Итак, если снова вернуться к человеку, как он выступает перед нами в свете различных эстетических категорий, мы должны совместить присущие ему стороны биологического и социального с общедиалектическими категориями сущности и явления, строжайшим образом следя за соблюдением постоянности «точки опоры», если говорить словами Паскаля. Только в этом случае можно считать себя в какой-то степени застрахованным от возникновения нежелательных парадоксов. Поскольку эстетика относится к области все-таки наук общественных, постольку условимся считать социальное начало в нем сущностью, а биологическое – явлением. И тогда различные состояния этого диалектического противоречия, выступая как различные соотношения социального и биологического, дадут нам основные эстетические состояния человека, соответствующие основным эстетическим категориям возвышенного, прекрасного, комического и безобразного (трагическое и низменное для простоты могут рассматриваться здесь как разновидности соответственно возвышенного и комического). Возвышенным наш человек является в том случае, когда социальное, духовное преобладает в нем над биологическим, телесным; прекрасным – когда социальное, духовное и биологическое, телесное слиты воедино в гармоничной целостности; комическим – когда в нем биологическое, телесное преобладает над социальным, духовным, и, наконец, безобразным – когда биологическое, телесное и социальное, духовное окончательно расходятся в антагонис­тической противопоставленности. Положения эти нетрудно проиллюстри­ровать на примерах, что мы сейчас и сделаем, начав с возвышенного.

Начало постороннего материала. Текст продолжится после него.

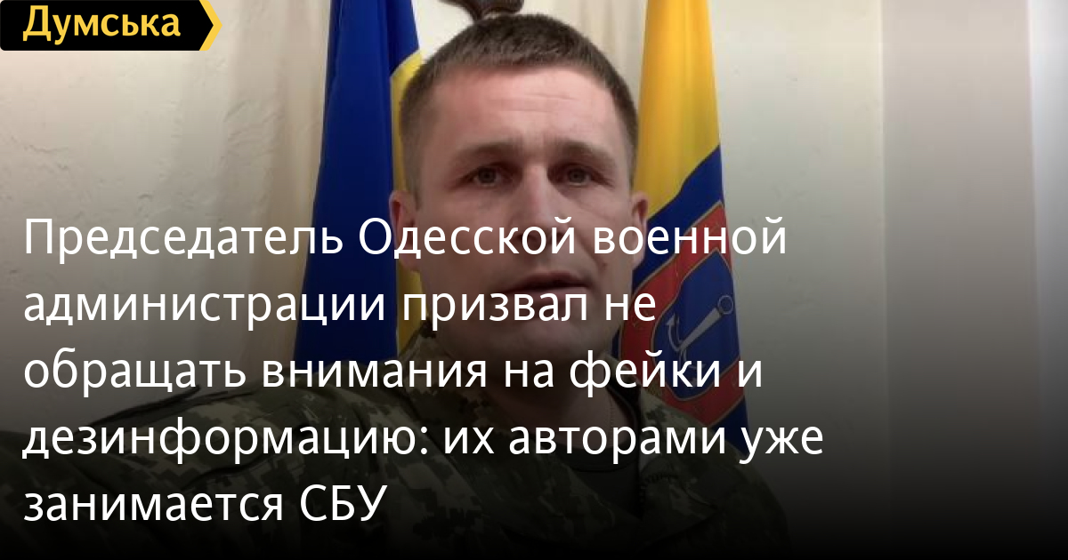 Председатель Одесской военной администрации призвал не обращать внимания на фейки и дезинформацию: их авторами уже занимается СБУНе обращать внимания на фейковые заявления и дезинформацию о ситуации с боевыми действиями призвал глава Одесской военной администрации Максим Марченко в своем видеообращении по итогам 13 марта. «Большинство таких заявлений, которые делаются с территории России, это информационно-психологические операции, — сообщил Марченко. — По моему распоряжению такими сообщениями и их авторами уже занимается Служба безопасности Украины». Также руководитель ОВА добавил, что день прошел без обстрелов и пожелал тихой ночи. СМЕРТЬ РОССИЙСКИМ ОККУПАНТАМ! Заметили ошибку? Выделяйте слова с ошибкой и нажимайте control-enter |

Самым характерным примером возвышенного является, как известно, человек героический. Само слово «героический» нередко употребляется в качестве синонима слова «возвышенный», если оно применяется к человеку. Героический человек – это человек, руководствующийся в своем поведении прежде всего разумом, нравственными убеждениями и умеющий владеть своими эмоциями, чувствами, естественными инстинктами, а в случае необходимости и подавлять их. Это особенно явственно выступает в тех случаях, когда человек сталкивается с опасностью, будь то военная ситуация или какое-либо, например стихийное, бедствие, грозящее ему физическими страданиями, а то и смертью. Человек героического склада подавляет в подобной ситуации вполне естественное чувство страха и совершает определенные действия, исходя только из указаний собственного разума, опирающегося на те или иные нравственные, духовные принципы и убеждения. Иначе говоря, он ведет себя в этих условиях прежде всего как социальное, а не биологическое существо или, точнее, социальное начало преобладает в нем над биологическим. Делает человека возвышенным и гражданское мужество, особенно граничащее с подлинным героизмом: выступая, например, против социальной несправедливости и рискуя при этом собственным благополучием, он поступает в соответствии с требованиями категории возвышенного. Даже в обыденной жизни, если человек помогает другому человеку, поступаясь каким-то своим благом или удобством, мы оцениваем такое поведение как благородное. Возвышенный человек – это тот, кто более соответствует мерке должного, нежели сущего, идеального, нежели реального, общественного, нежели личного,– короче говоря, в ком социальное начало выступает на первый план по сравнению с биологическим.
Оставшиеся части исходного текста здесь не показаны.